### Brief
Copy word for word, please, the lines of the entries below running from the one containing "Excellent+ gilt brass" to the one containing "整体业务进展方面,华为表示,2024年,华为联接产业克服", both ends included.

### Extracted material
────────────────────
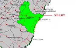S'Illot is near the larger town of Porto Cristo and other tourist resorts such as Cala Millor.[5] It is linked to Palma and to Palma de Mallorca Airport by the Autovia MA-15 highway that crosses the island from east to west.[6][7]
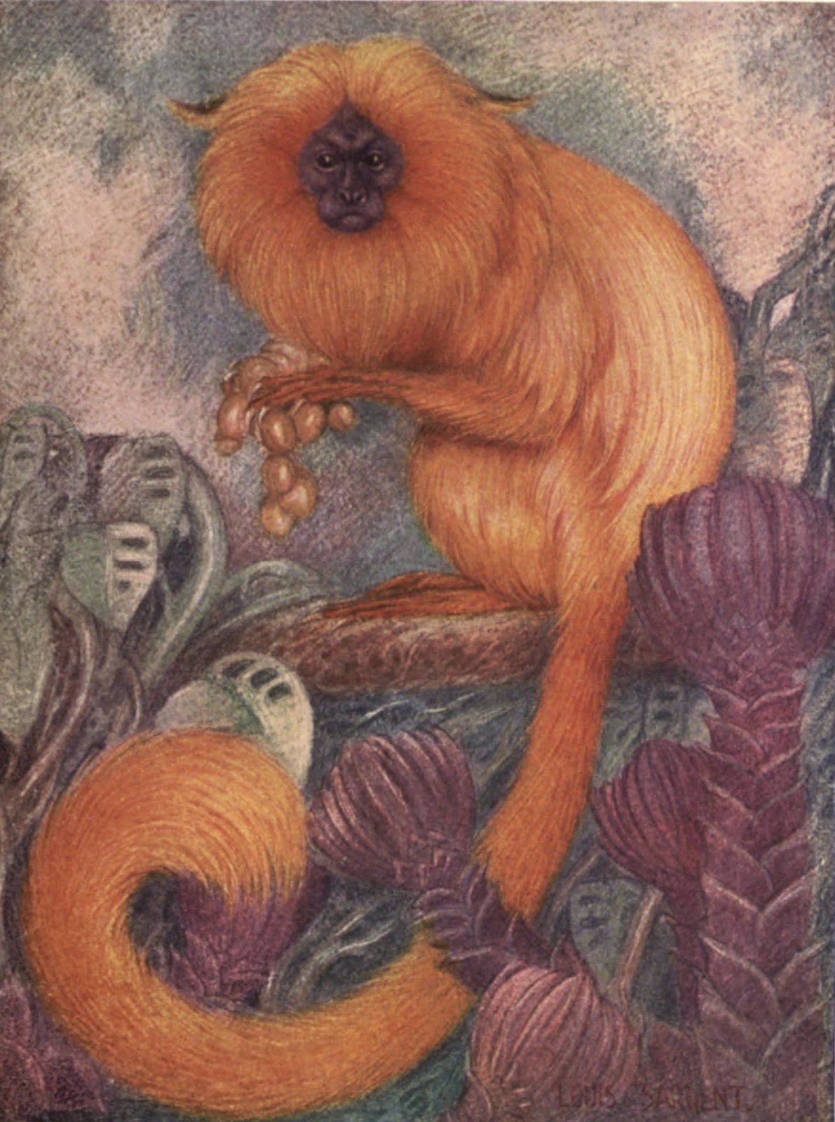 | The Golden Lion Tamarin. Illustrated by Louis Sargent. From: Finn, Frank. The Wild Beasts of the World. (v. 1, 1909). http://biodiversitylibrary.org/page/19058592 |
────────────────────
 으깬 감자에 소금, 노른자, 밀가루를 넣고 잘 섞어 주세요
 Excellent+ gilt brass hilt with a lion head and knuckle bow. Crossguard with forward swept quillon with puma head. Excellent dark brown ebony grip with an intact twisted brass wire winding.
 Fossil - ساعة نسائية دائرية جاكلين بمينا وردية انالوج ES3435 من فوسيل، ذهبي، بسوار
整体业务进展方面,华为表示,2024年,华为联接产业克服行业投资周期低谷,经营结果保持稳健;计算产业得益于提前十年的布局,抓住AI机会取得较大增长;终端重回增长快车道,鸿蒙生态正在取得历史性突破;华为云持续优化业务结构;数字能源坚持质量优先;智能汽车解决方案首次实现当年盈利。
────────────────────
### Expected answer
 Excellent+ gilt brass hilt with a lion head and knuckle bow. Crossguard with forward swept quillon with puma head. Excellent dark brown ebony grip with an intact twisted brass wire winding.
 Fossil - ساعة نسائية دائرية جاكلين بمينا وردية انالوج ES3435 من فوسيل، ذهبي، بسوار
整体业务进展方面,华为表示,2024年,华为联接产业克服行业投资周期低谷,经营结果保持稳健;计算产业得益于提前十年的布局,抓住AI机会取得较大增长;终端重回增长快车道,鸿蒙生态正在取得历史性突破;华为云持续优化业务结构;数字能源坚持质量优先;智能汽车解决方案首次实现当年盈利。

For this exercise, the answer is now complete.